(Provided data begins)
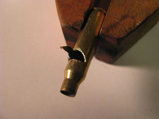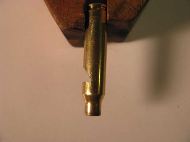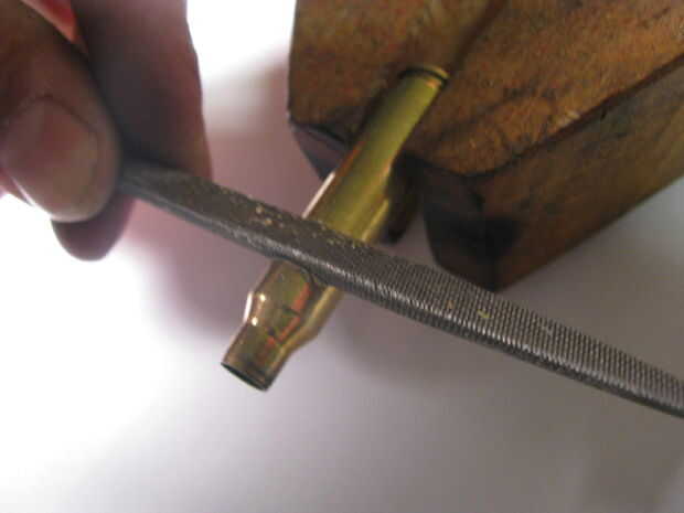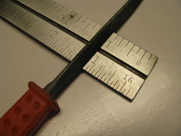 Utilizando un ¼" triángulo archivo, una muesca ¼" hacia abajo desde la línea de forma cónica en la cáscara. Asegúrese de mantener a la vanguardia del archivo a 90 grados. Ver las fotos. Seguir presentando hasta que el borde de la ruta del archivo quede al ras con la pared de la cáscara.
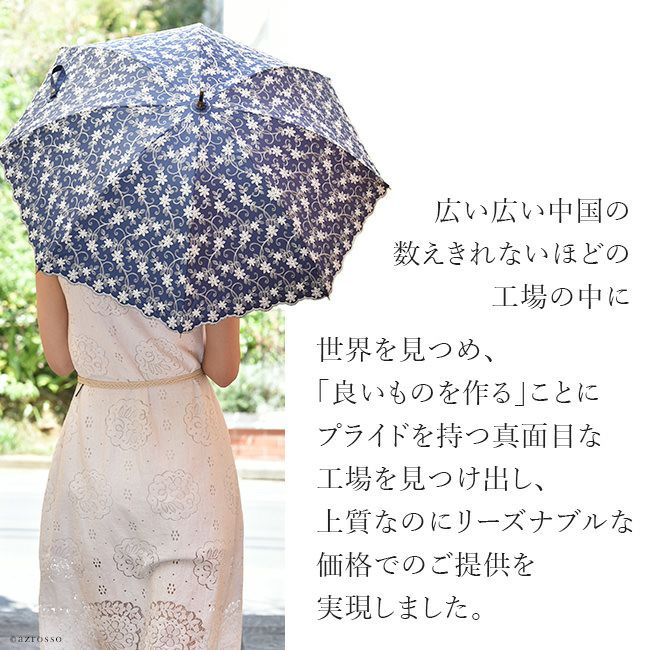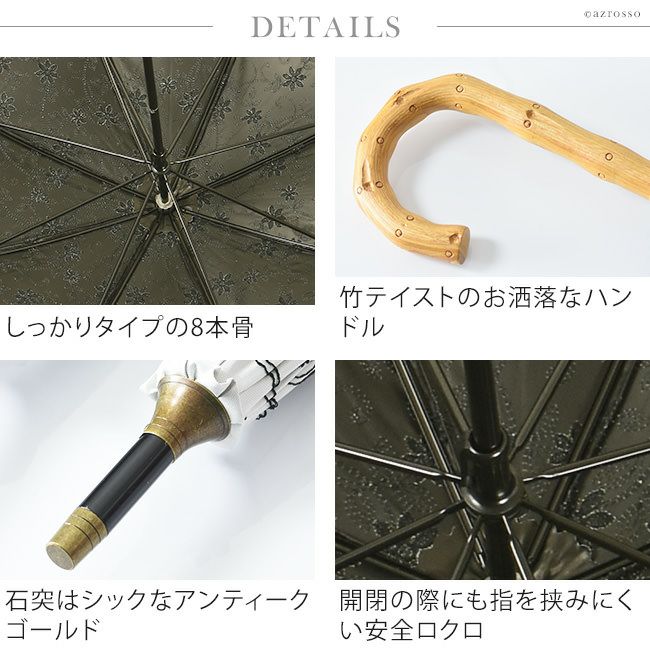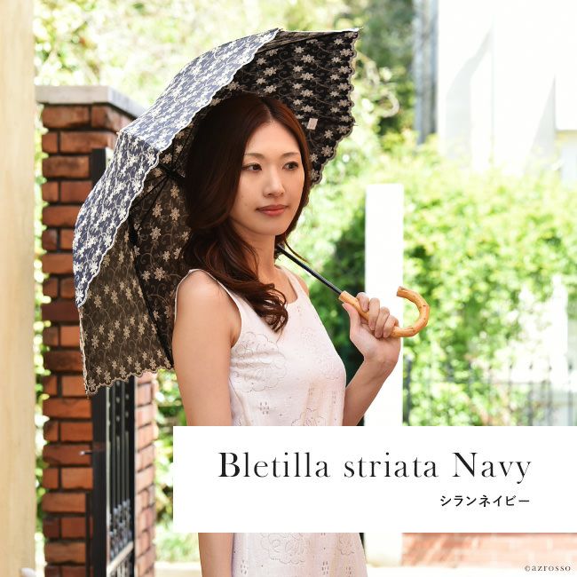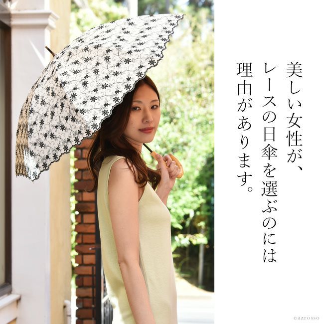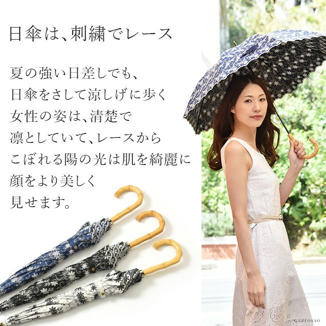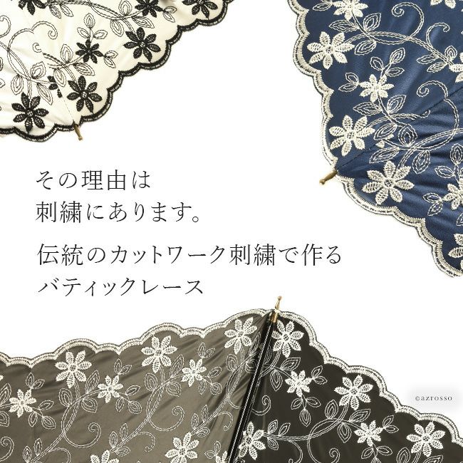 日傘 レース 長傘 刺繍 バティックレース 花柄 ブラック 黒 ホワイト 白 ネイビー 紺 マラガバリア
(Provided data ends)
(Provided data begins)
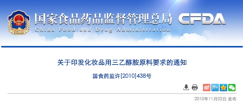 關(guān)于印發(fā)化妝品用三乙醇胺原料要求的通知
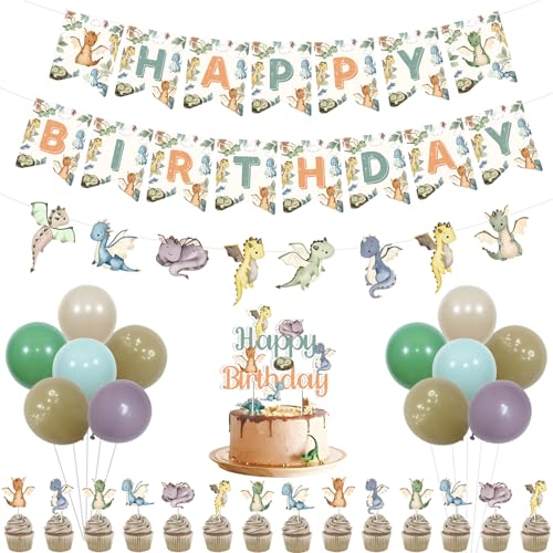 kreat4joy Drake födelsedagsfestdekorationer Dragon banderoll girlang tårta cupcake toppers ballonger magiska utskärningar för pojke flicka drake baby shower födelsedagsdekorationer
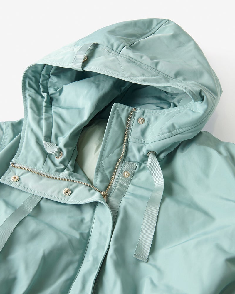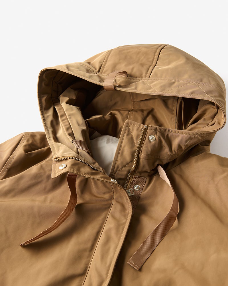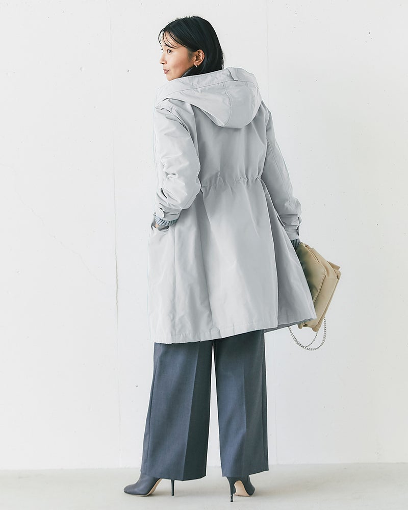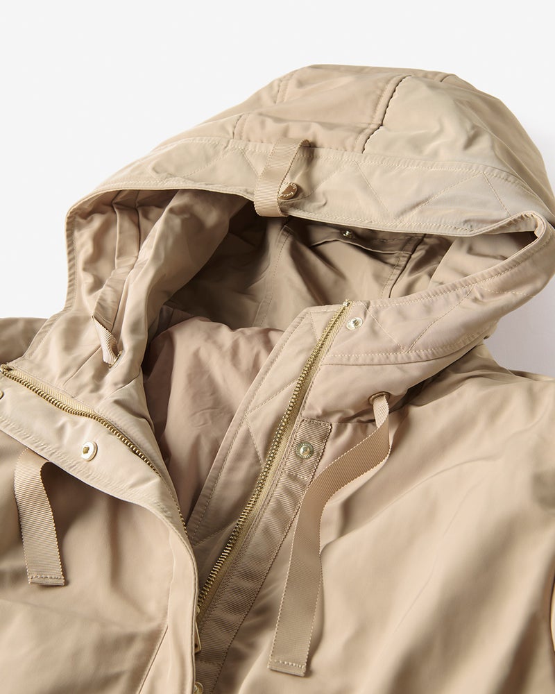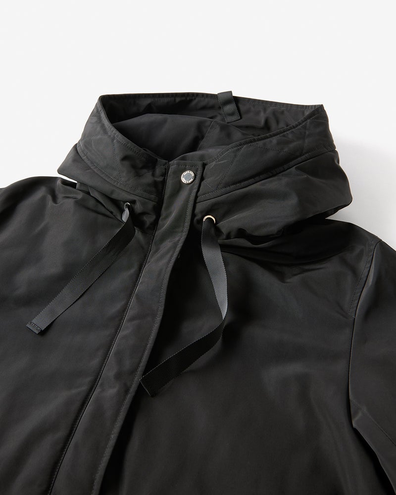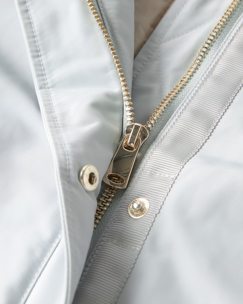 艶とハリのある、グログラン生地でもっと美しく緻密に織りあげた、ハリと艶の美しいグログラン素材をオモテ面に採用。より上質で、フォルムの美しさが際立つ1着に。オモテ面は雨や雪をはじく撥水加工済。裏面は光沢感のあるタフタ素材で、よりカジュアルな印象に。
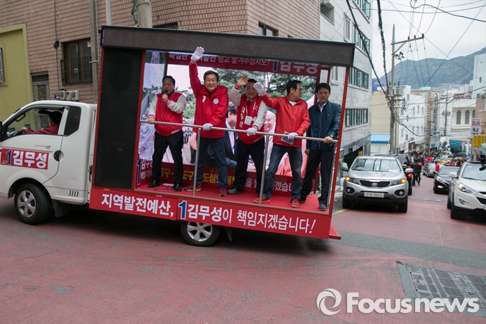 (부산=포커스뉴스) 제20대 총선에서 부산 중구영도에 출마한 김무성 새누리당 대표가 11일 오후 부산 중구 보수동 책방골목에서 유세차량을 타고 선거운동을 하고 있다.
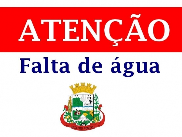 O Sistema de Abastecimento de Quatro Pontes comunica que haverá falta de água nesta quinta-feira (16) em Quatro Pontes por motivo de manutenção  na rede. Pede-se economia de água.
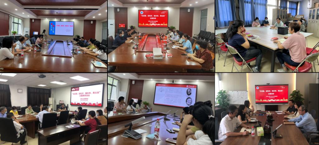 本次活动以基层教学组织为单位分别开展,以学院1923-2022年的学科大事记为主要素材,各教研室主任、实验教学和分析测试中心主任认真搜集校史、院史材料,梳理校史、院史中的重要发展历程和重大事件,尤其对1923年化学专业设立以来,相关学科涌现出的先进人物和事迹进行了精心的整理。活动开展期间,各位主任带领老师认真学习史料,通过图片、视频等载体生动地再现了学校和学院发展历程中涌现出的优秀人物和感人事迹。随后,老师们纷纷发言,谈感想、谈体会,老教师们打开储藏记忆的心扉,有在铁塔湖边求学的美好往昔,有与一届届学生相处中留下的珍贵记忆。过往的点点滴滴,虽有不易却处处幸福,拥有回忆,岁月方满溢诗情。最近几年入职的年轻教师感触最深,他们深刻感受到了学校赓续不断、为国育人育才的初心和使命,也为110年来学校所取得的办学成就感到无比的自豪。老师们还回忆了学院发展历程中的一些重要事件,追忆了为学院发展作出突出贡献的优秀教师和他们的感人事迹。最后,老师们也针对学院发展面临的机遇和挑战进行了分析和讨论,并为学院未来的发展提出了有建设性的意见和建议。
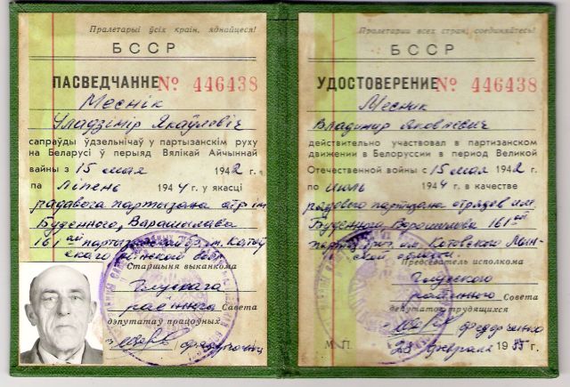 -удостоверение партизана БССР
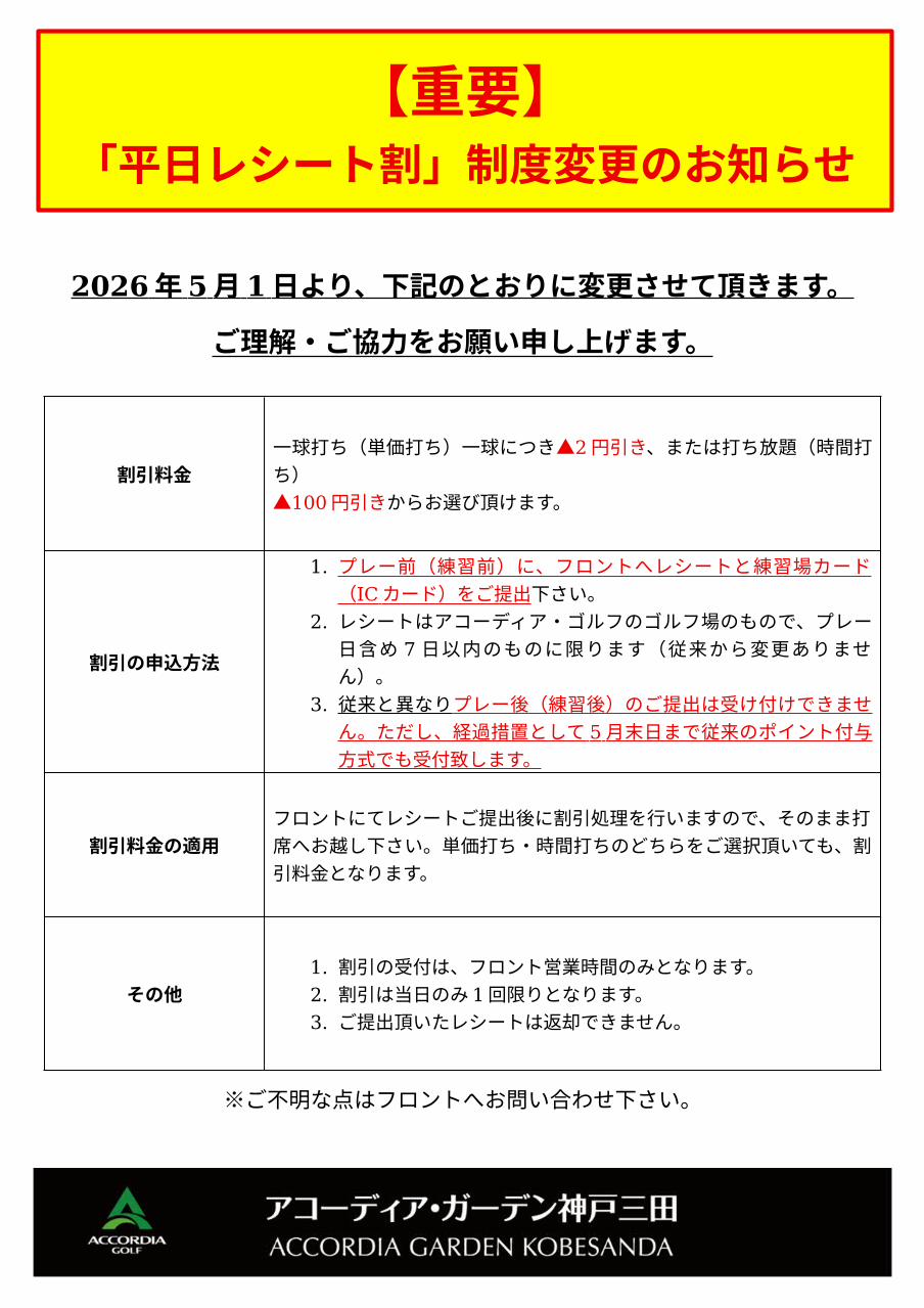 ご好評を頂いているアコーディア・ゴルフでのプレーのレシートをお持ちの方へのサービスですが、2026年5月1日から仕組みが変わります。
(Provided data ends)
Task statement: Starting at the line that contains "關(guān)于印發(fā)化妝品用三乙醇胺原料要求的通知" and ending at the line that contains "O Sistema de", transcribe the material above exactly, excluding pictures.

Solution to this exercise:
 關(guān)于印發(fā)化妝品用三乙醇胺原料要求的通知
 kreat4joy Drake födelsedagsfestdekorationer Dragon banderoll girlang tårta cupcake toppers ballonger magiska utskärningar för pojke flicka drake baby shower födelsedagsdekorationer
 艶とハリのある、グログラン生地でもっと美しく緻密に織りあげた、ハリと艶の美しいグログラン素材をオモテ面に採用。より上質で、フォルムの美しさが際立つ1着に。オモテ面は雨や雪をはじく撥水加工済。裏面は光沢感のあるタフタ素材で、よりカジュアルな印象に。
 (부산=포커스뉴스) 제20대 총선에서 부산 중구영도에 출마한 김무성 새누리당 대표가 11일 오후 부산 중구 보수동 책방골목에서 유세차량을 타고 선거운동을 하고 있다.
 O Sistema de Abastecimento de Quatro Pontes comunica que haverá falta de água nesta quinta-feira (16) em Quatro Pontes por motivo de manutenção  na rede. Pede-se economia de água.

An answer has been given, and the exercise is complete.